Data block
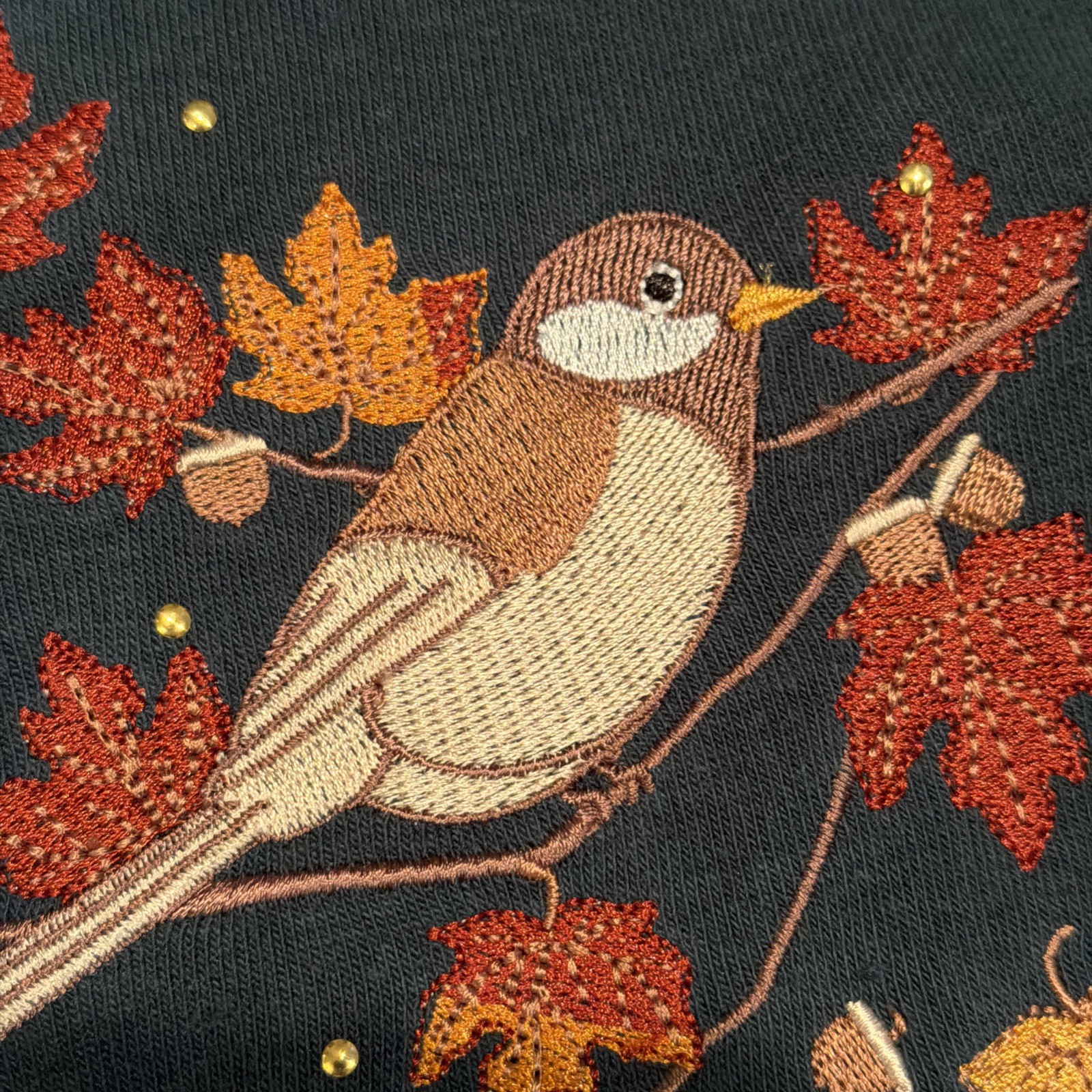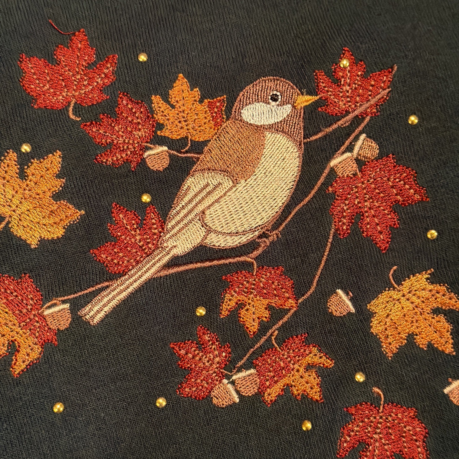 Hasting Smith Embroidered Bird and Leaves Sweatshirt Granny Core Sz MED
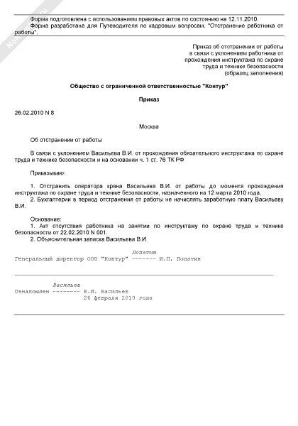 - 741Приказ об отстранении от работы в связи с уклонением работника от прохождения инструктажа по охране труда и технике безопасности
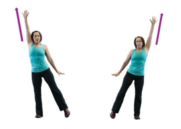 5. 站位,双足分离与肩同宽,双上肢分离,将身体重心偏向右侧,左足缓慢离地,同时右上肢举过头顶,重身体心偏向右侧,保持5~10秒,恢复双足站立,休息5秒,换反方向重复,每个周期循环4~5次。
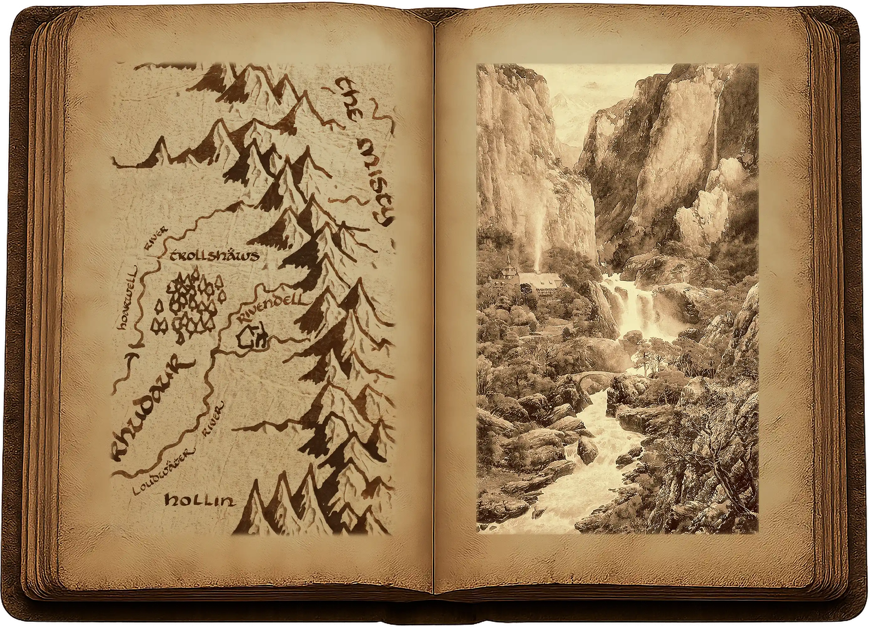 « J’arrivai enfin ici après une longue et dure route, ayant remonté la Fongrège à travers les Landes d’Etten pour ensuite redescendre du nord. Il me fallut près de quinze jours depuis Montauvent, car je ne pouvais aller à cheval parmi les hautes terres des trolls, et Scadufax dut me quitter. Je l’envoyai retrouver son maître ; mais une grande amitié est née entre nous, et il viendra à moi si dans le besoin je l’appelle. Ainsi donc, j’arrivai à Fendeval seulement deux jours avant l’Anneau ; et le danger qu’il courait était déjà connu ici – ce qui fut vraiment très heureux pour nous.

How to complete this task
Everything from the first line of the listing above through the line that contains "5. 站位,双足分离与肩同宽" is to be restated word for word, minus the pictures.

Exercise result
 Hasting Smith Embroidered Bird and Leaves Sweatshirt Granny Core Sz MED
 - 741Приказ об отстранении от работы в связи с уклонением работника от прохождения инструктажа по охране труда и технике безопасности
 5. 站位,双足分离与肩同宽,双上肢分离,将身体重心偏向右侧,左足缓慢离地,同时右上肢举过头顶,重身体心偏向右侧,保持5~10秒,恢复双足站立,休息5秒,换反方向重复,每个周期循环4~5次。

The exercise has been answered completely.